Typography is still for nerds

josh@kellerandfaber.com — Sun, 09 Mar 2008 10:30:01 -0700

For a moment there, I thought typography might actually become really popular. I had just dragged several of my friends to a movie theater in San Francisco to see Gary Hustwit’s Helvetica. They had initially been skeptical of the entertainment value of a film about a single typeface, even after I told them that it was “the most popular typography documentary of all time.” But after seeing the film, they seemed transformed. One friend, Erik, whose e-mail signature was long set in the ignoble Comic Sans, claimed after seeing the film that he would “begin looking at letters in a new way.” And then there was the Double Jeopardy round of November 7, 2007, which included a category called “Knowledge of Fonts.”

My mind raced. Perhaps we were entering a new era of typographic understanding, one in which the typography of cell phone contracts, dry cleaning storefronts, and office PowerPoint presentations would matter. Perhaps the forms of the lowercase g would become a suitable subject for casual dinner conversation. Perhaps the makers of computer monitors, taking pity on graphic designers, would redesign their products to display at magnificently high resolutions.

A few weeks ago, I got an e-mail from Erik. His signature was still in Comic Sans.

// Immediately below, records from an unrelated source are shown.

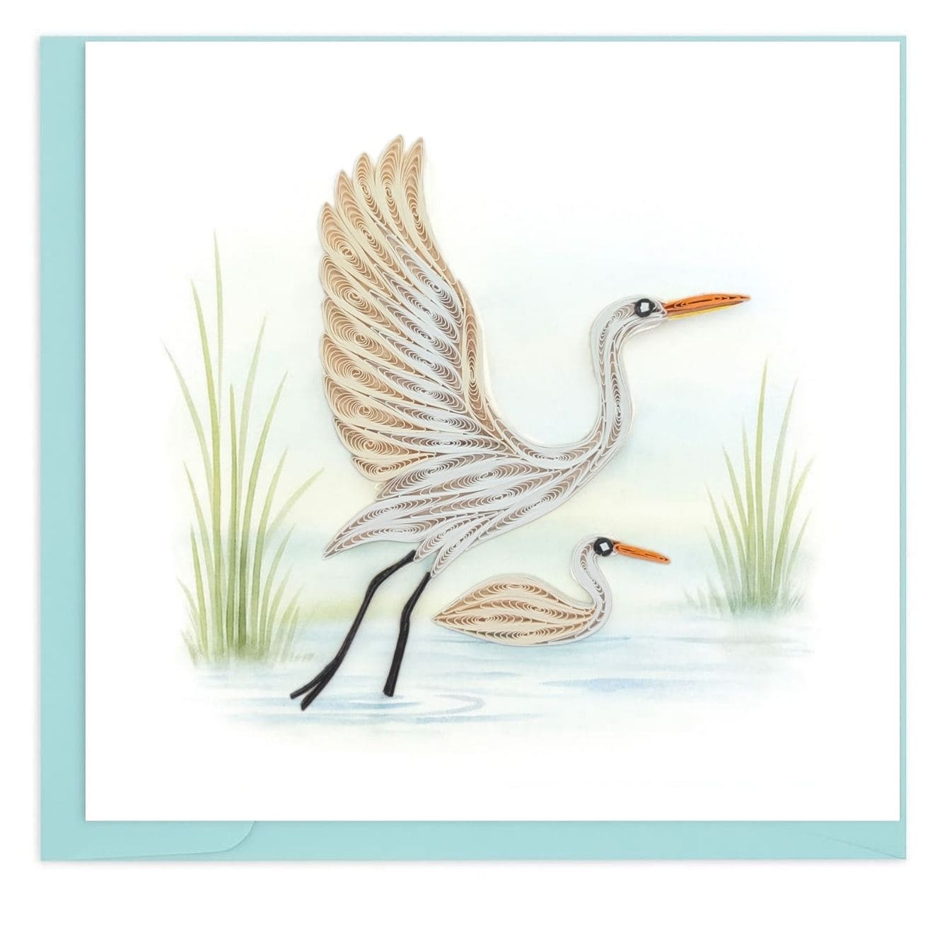 A calm nature-inspired quilling card featuring an elegant heron with its young in a peaceful wetland scene. Soft colors and flowing paper details create a gentle, timeless design, suitable for many occasions such as birthdays, thank you notes, or nature lovers’ gifts.
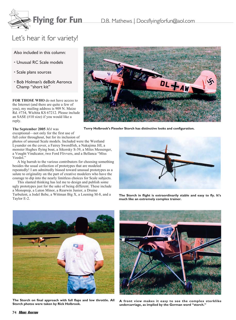 Terry Holbrook’s Fieseler Storch is novel in many ways. It is a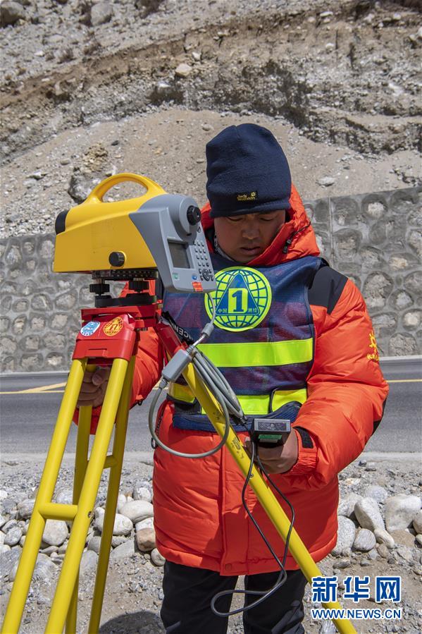 國(guó)測(cè)一大隊(duì)隊(duì)員金良在操作水準(zhǔn)儀(4月18日攝)。水準(zhǔn)測(cè)量是一種利用提供水平視線的儀器(如水準(zhǔn)儀、水準(zhǔn)標(biāo)尺),測(cè)定地面不同點(diǎn)之間的高差,并以此推算高度的一種方法,是經(jīng)典大地測(cè)量的重要技術(shù)之一。在目前正在進(jìn)行的2020珠峰高程測(cè)量中,部分國(guó)測(cè)一大隊(duì)隊(duì)員承擔(dān)了水準(zhǔn)測(cè)量的任務(wù)。新華社記者晉美多吉攝

With the widespread use of computers, more people know basic things about typefaces – that they exist, for instance – than at any point in recent history. But the knowledge of the many newcomers to the field (and that includes myself) is often shallow, more a product of curiosity than of serious study. The actual design and study of type remains, and will remain, a specialized pursuit for a select group of nerds.

This actually makes me happy. One of the things that has always appealed to me about type is how it seems to exercise its power in secret. Type controls our emotional response to a passage of text with small, subtle shifts in form and proportion. It often triggers visual allusions we don’t really think about. Behind all of the this is the type designer, a strange man or woman who rarely receives credit. Most every reader spends most of the time thinking about the ideas of a text, not the person who designed its letters.

Which is as it should be.

Science and creativity

faber@kellerandfaber.com — Thu, 21 Feb 2008 10:10:15 -0800

“Numquam ponenda est pluralitas sine necessitate.”
–-William Occam (c. 1288–1347)

Engineers are people with a special set of skills in a domain that enables them to effectively solve problems. If they have the proper skill set, they are hired to satisfy a set of specifications, at which point the problem is solved, and everybody goes home happy.

Scientists can also be engineers, because the only real prerequisite is possession of a certain specialized skill set. However, the methods of a scientist acting as an engineer can differ from those of an engineer. A scientist does not just try to find a solution to a problem, but attempts to postulate and implement the best solution. This is accomplished by rigorously searching for a deeper understanding of the domain and creating layers of abstraction to describe the domain’s elements and their relationships.

The process of searching for an effective abstraction system, or a theory, is supposed to be entirely governed by the law and language of science, rationality. Through rationality, you can prove if a theory is good or bad, and if your abstractions are indeed capturing the domain or not. However, the value of a theory beyond its provable attributes is often measured by Occam’s Razor. Consequently, after all the rigor and reason required by science, it is the vague, amorphous concepts of simplicity and elegance that draw lines between a good solution and a better solution. This is the leap of faith a believer in science often takes.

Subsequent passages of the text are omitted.